Morning Report - JP Morgan exiting FHA?

Vital Statistics:

Last Change Percent
S&P Futures  1976.4 8.4 0.43%
Eurostoxx Index 3197.4 43.7 1.38%
Oil (WTI) 100.8 0.8 0.79%
LIBOR 0.234 0.001 0.21%
US Dollar Index (DXY) 80.56 0.173 0.22%
10 Year Govt Bond Yield 2.56% 0.01%  
Current Coupon Ginnie Mae TBA 106.3 -0.1
Current Coupon Fannie Mae TBA 105.3 0.0
BankRate 30 Year Fixed Rate Mortgage 4.25

Stocks are higher this morning on good numbers out of Apple and Intel, along with news that Fox approached Time Warner for a deal. Bonds and MBS are down.

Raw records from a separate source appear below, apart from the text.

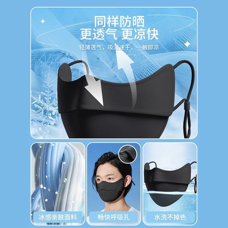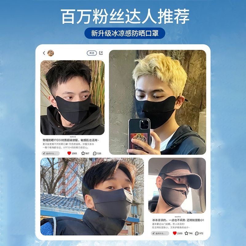防晒口罩男潮款夏季防紫外线男士遮阳冰丝面罩黑色护眼角遮全脸女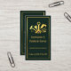 Ein exquisites dunkelgrünes Cover wird durch einen goldenen, rechteckigen Rahmen hervorgehoben. Oben ist ein goldenes "Zuhause handyman tools" Logo, das Sie benutzen können. Darauf folgen der Firmenname und ein Slogan, den Sie ändern können. Die Kontaktdaten befinden sich in der Nähe der Kartenbasis. Overleaf, das gleiche Design-Thema wird mit einem goldenen Logo für Zuhause-Tools oben verwendet. Danach folgen Ihr Name, die Kontaktdaten und eine Slogan-Beschriftung. Ein schönes Cover für Handwerker und Gebäude-Auftragnehmer. #handyman #construction #homeconstruction #homerepair #building #builder #builder #remodeldeling #handymantools #interiordesign #Gebäude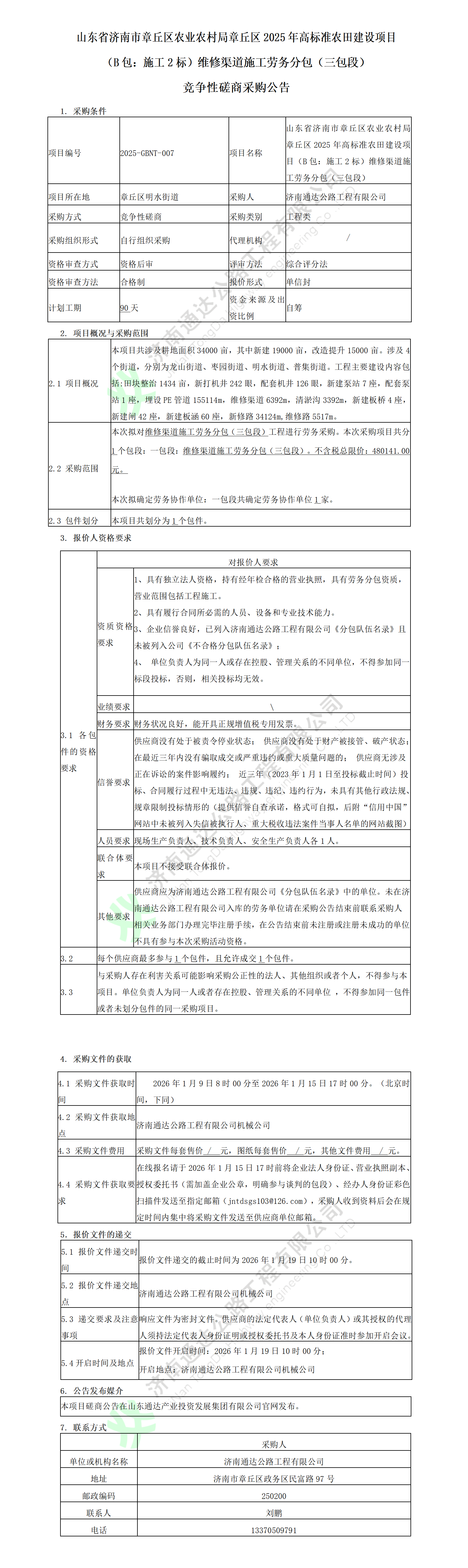 山东省济南市章丘区农业农村局章丘区2025年高标准农田建设项目(B包:施工2标)维修渠道施工劳务分包(三包段)竞争性磋商公告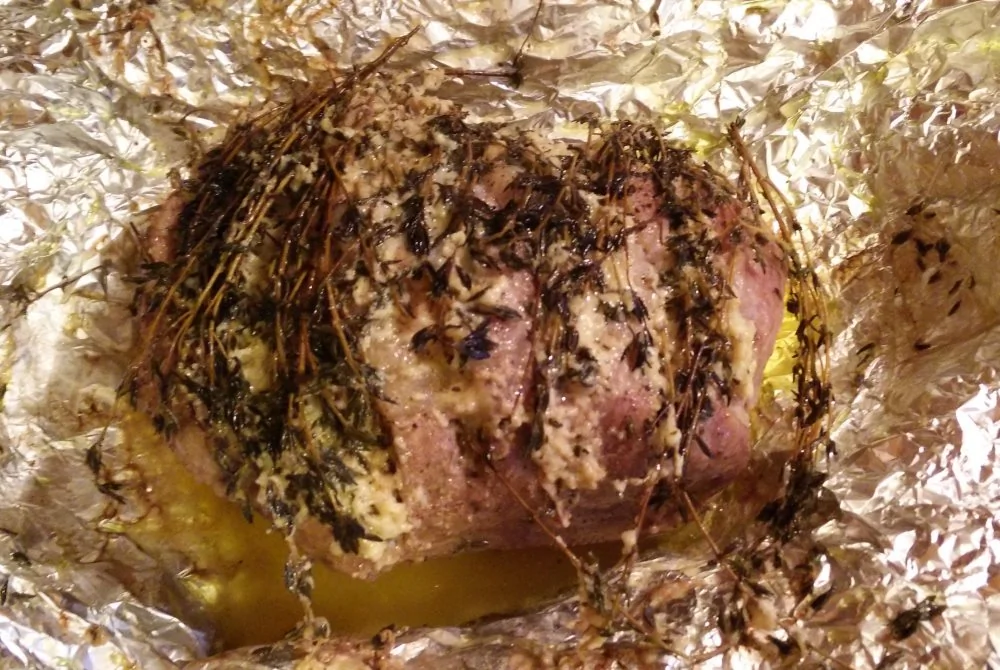 ШАГ 4 Сверху мяса кладем тимьян по всему периметру, заворачиваем в фольгу и отправляем в духовку на 1,5 часа при температуре 165 градусов.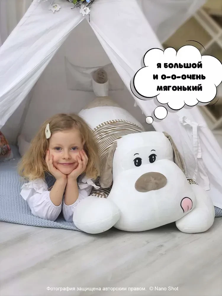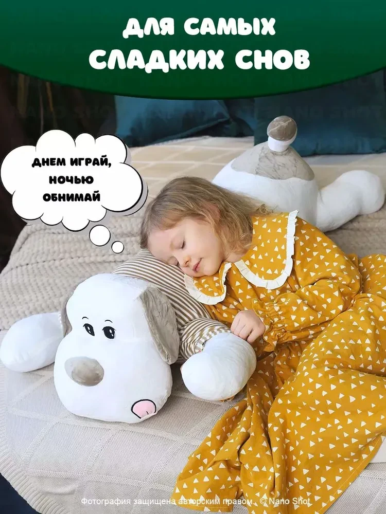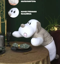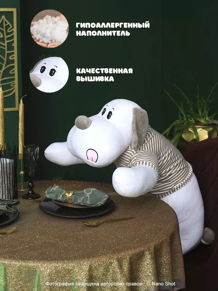 В поисках классного подарка для родных и близких или для ребенка? Обратите внимание на нашу мягкую плюшевую игрушку- обнимашку- собаку в свитере, 130 см. Эта игрушка станет не только милым товарищем в играх, но и верным другом, который подарит Вашему ребенку тепло и уют. Изготовленная из качественного, мягкого и безопасного материала, собачка подходит для девочек и мальчиков, для подростков и взрослых. Этот плюшевый друг отлично подходит для обнимашек и станет любимым персонажем в играх Вашего ребенка. Мягкие лапки и дружелюбная мордочка щенка создают атмосферу комфорта. Она может стать не только игрушкой для ребенка, но и настоящим антистрессом, помогая расслабиться и успокоиться после активного дня. Плюшевая собака в свитере станет прекрасным дополнением к детской комнате. Ее милый дизайн легко впишется в любой интерьер. Подарите Вашему ребенку возможность обниматься с этим милым питомцем, и вы увидите, как его улыбка станет еще шире. Не упустите шанс порадовать своих близких или сделать замечательный подарок на день рождения, праздник или про так. Выбирайте лучшее, и пусть каждый день Вашего ребенка будет наполнен счастливыми моментами с любимыми игрушками!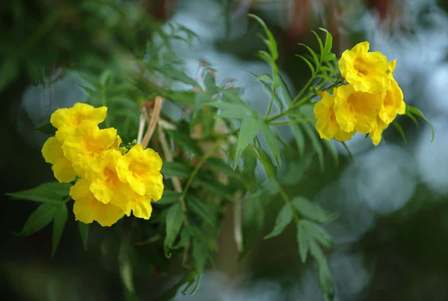 شجيرة صغيرة الحجم دائمة الخضرة أوراقها عريضة ذات أزهار صفراء اللّون على شكل بوق، تُزهر في فصل الربيع وتنمو تحت أشعة الشَّمس المباشرة في تربة غنيّة جيّدة التّصريف والتّهوية، تتحمّل الجفاف والحرارة المرتفعة، ويُفضَّل إزالة أزهارها المّيتة بشكل دوري لإطالة فترة الإزهار، كما يُمكن التحكم في شكلها وحجمها من خلال عمليّة التّقليم المنتظم، وهي من النّباتات الآمنة على الخزان نظرًا لعدم تمدّد جذورها.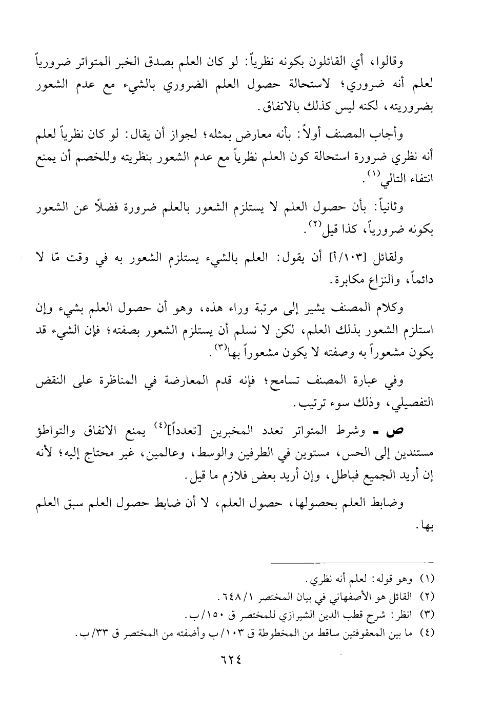 ص ــ وشرط المتواتر تعدد المخبرين [تعدداً] يمنع الاتفاق والتواطؤ مستندين الحس، مستوين في الطرفين والوسط، وعالمين، غير محتاج إليه؛ لأنه إن أريد الجميع فباطل، وإن أريد بعض فلازم ما قيل.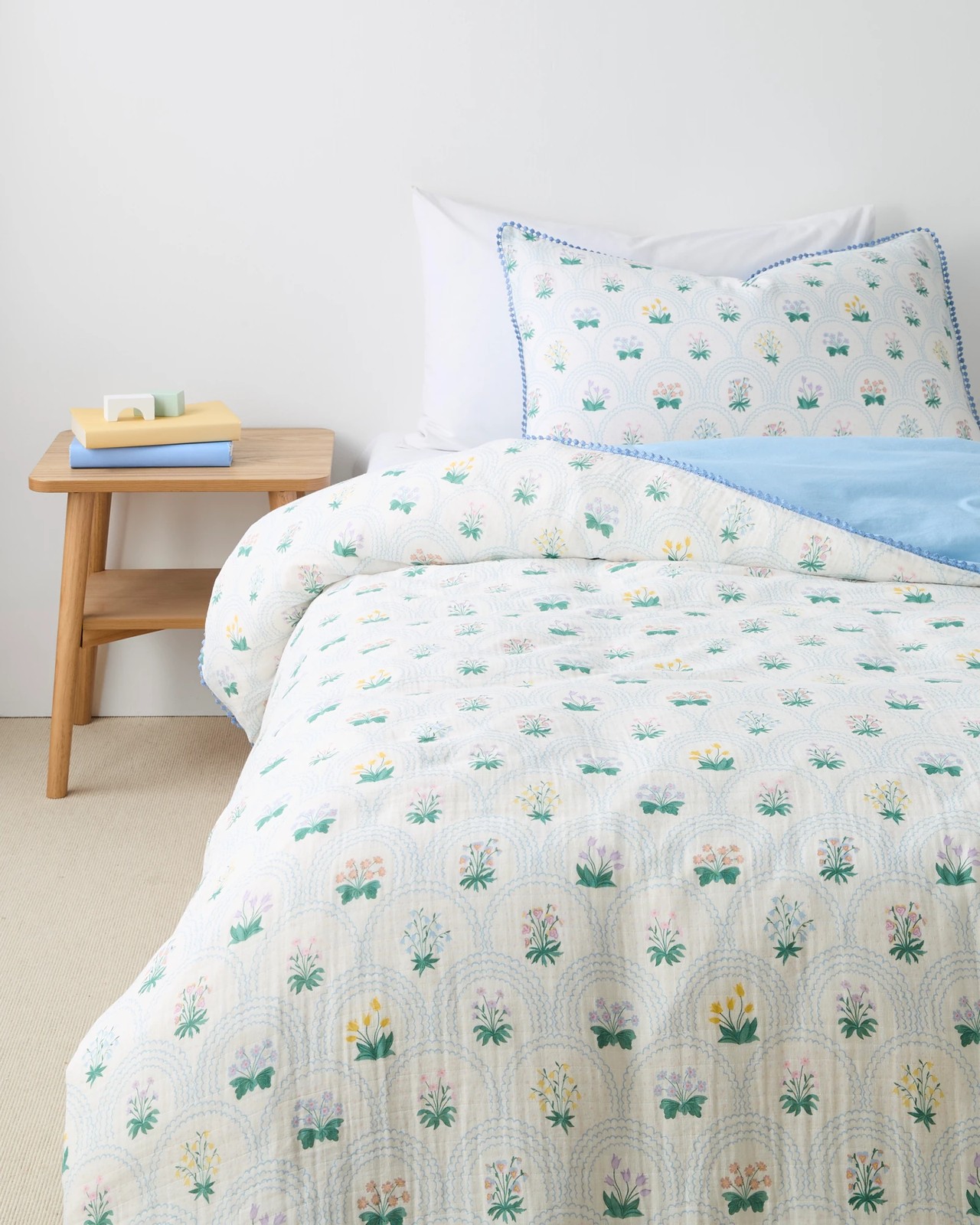 Experience comfort and style with the Anabelle Ditsy Floral Muslin Quilt Cover Set. Made from Australian cotton, this set showcases a muslin texture coupled with a beautiful floral pattern on the front and a calming blue on the reverse side. The set is finished with a neat trim edge and is conveniently machine washable, making it an easy addition to your bedding collection. Refresh your bedroom and enjoy the relaxed, inviting atmosphere this quilt cover set provides.
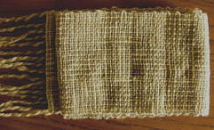 織り講座の課題でしたが、手紡ぎ糸で織りたいと思い、奮闘しました。タマネギ染めのアルミ媒染(黄色)と鉄媒染(深緑)を使いました。染めたのはペレンデール鎌倉さん扱いのWool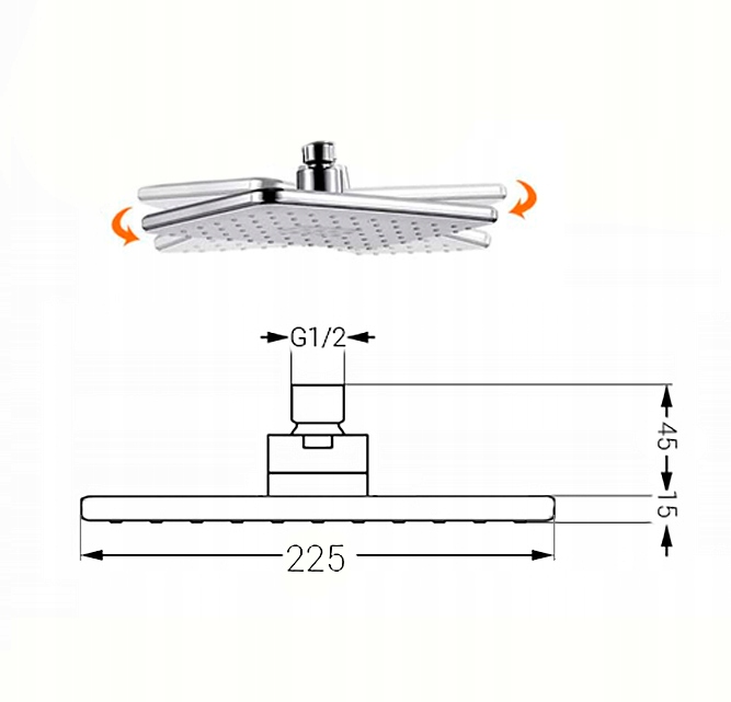КВАДРАТНИЙ ДОЩОВИЙ ДУШ 22 см ХРОМОВИЙ дзеркало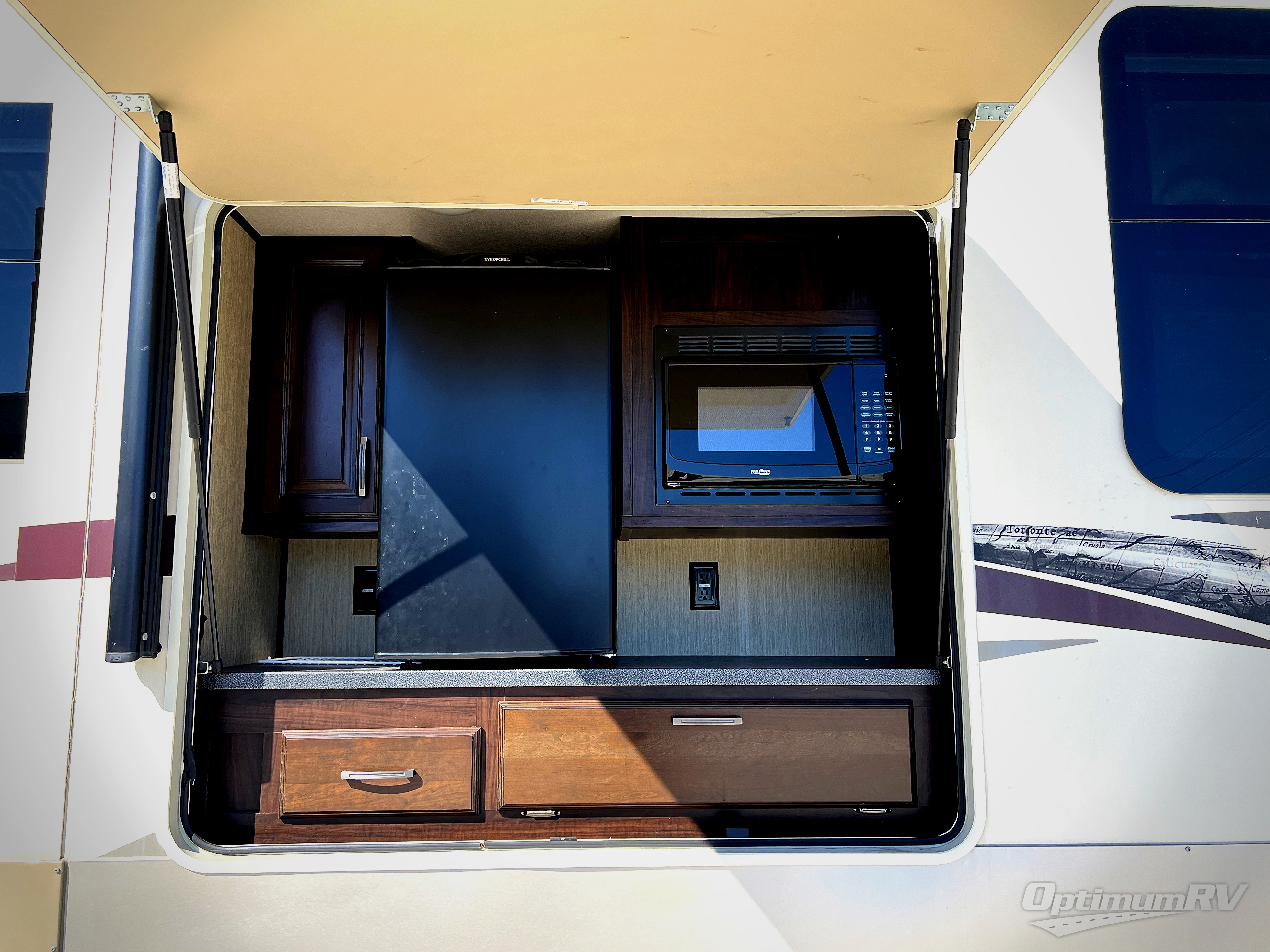 If you like to cook while away from home with the choice of being outside or inside, take a look at this Columbus 366RL fifth wheel. When it is time for breakfast, the kitchen island offers plenty of countertop and floor space thanks to the dual slide outs in this area. You might even like the cook the bacon on the outside kitchen. All the furniture including the 80" tri-fold sofa provides a place to relax and enjoy your drink while looking outside at your beautiful view or watching the 50" LED TV. After shopping in the local town square or riding your bikes on the trails, the pillowtop mattress in the master bedroom will be waiting for you. Take a look today!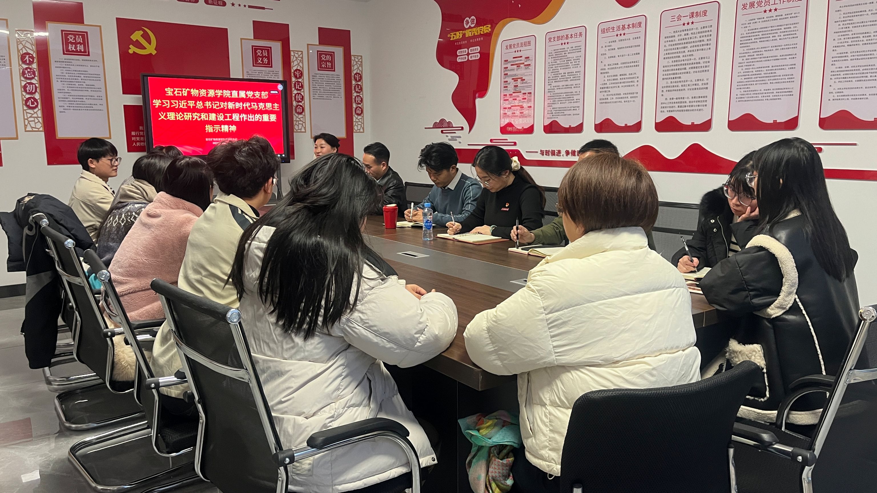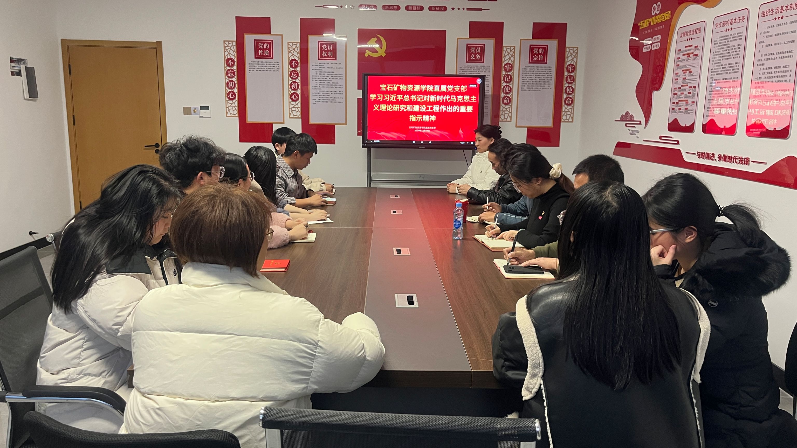 12月19日,宝石矿物资源学院直属党支部在三元大厦学院8楼党员活动室开展研讨学习习近平总书记对新时代马克思主义理论研究和建设工程作出的重要指示精神的会议,会议由何平主持召开,直属党支部全体党员参加。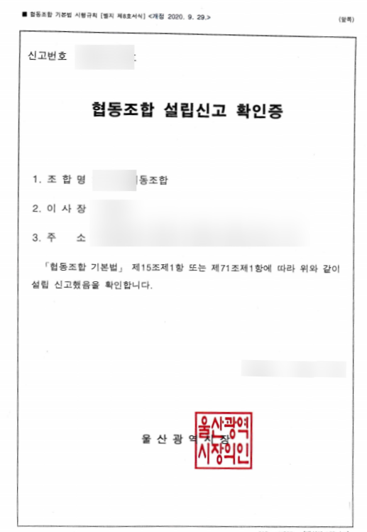 또한, 협동조합은 임원 변경, 정관 변경 등도 모두 신고를 해야 하기 때문에, 자주 바꾸지 않도록 미리 확실하게 선정해 두시는 것이 좋습니다.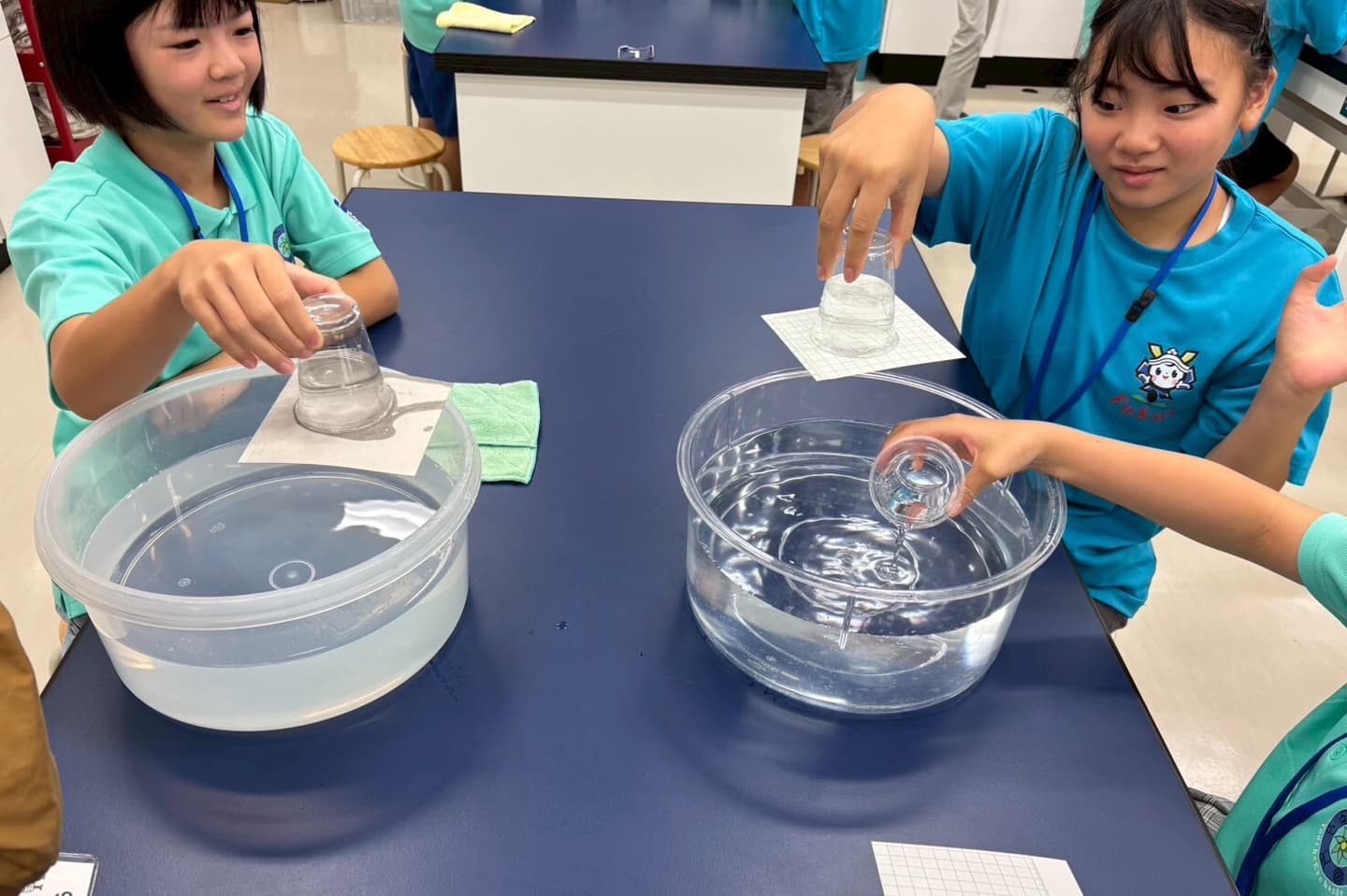 水やペットボトルなど、身近な物を使っての実験で、とても興味深いものでした。

Mortgage Applications fell 3.6% last week. Purchases were down 7.6% and refis were down .1%. Interestingly, the 30 year fixed rate mortgage increased by a basis point while the 10 year bond yield fell 11 basis points. Not sure what to make of that.

Some disappointing industrial data this morning - Manufacturing production increased .1% versus expectations of a .3% increase and May was revised downward. Capacity Utilization was flat at 79.1%, while the Street was expecting an increase to 79.3%. 

Inflation remains relatively tame, although the headline PPI number came in a little hot. On a year-over-year basis inflation at the wholesale level remains under the Fed target. Janet Yellen gave relatively dovish testimony yesterday at Humphrey-Hawkins, which continues today. We will also get the Beige Book this afternoon.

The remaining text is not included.